Convergence Analysis of the Rank-Restricted Soft SVD Algorithm

TL;DR

This paper analyzes the convergence of the Rank-Restricted Soft SVD algorithm, identifies issues with standard convergence, and proposes modifications ensuring linear convergence for large sparse matrix decompositions.

Contribution

It provides a convergence analysis of RRSS, introduces a sign-consistency modification, and proves linear convergence of singular vectors and values.

Findings

Standard RRSS may not converge without modification

Sign consistency in singular vectors ensures convergence

Linear convergence to soft thresholded singular values

Abstract

The soft SVD is a robust matrix decomposition algorithm and a key component of matrix completion methods. However, computing the soft SVD for large sparse matrices is often impractical using conventional numerical methods for the SVD due to large memory requirements. The Rank-Restricted Soft SVD (RRSS) algorithm introduced by Hastie et al. addressed this issue by sequentially computing low-rank SVDs that easily fit in memory. We analyze the convergence of the standard RRSS algorithm and we give examples where the standard algorithm does not converge.
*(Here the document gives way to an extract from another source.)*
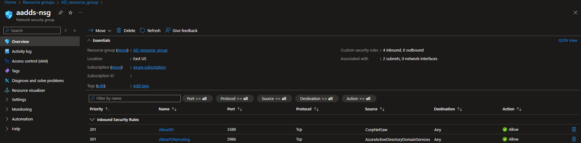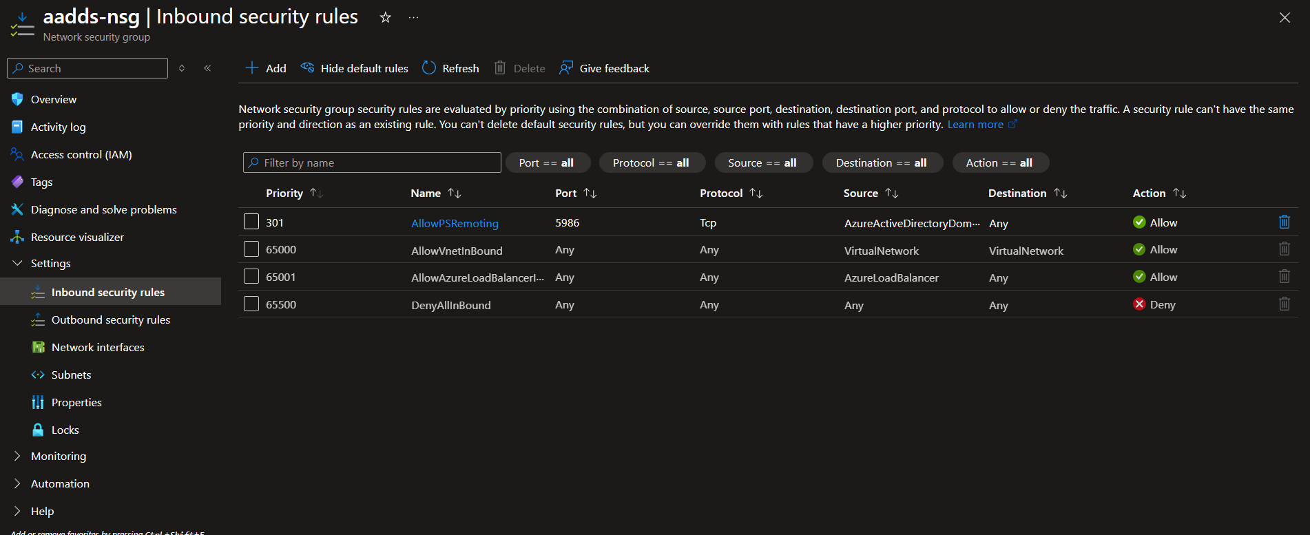 4.7.2. Click on the required resource of the Network security group type in the Name column (e.g. the default "aadds-nsg" group is used in the screenshot below) to open it.

We show that convergence requires a modification of the standard algorithm, and is related to non-uniqueness of the SVD. Our modification specifies a consistent choice of sign for the left singular vectors of the low-rank SVDs in the iteration. Under these conditions, we prove linear convergence of the singular vectors using a technique motivated by alternating subspace iteration. We then derive a fixed point iteration for the evolution of the singular values and show linear convergence to the soft thresholded singular values of the original matrix. This last step requires a perturbation result for fixed point iterations which may be of independent interest.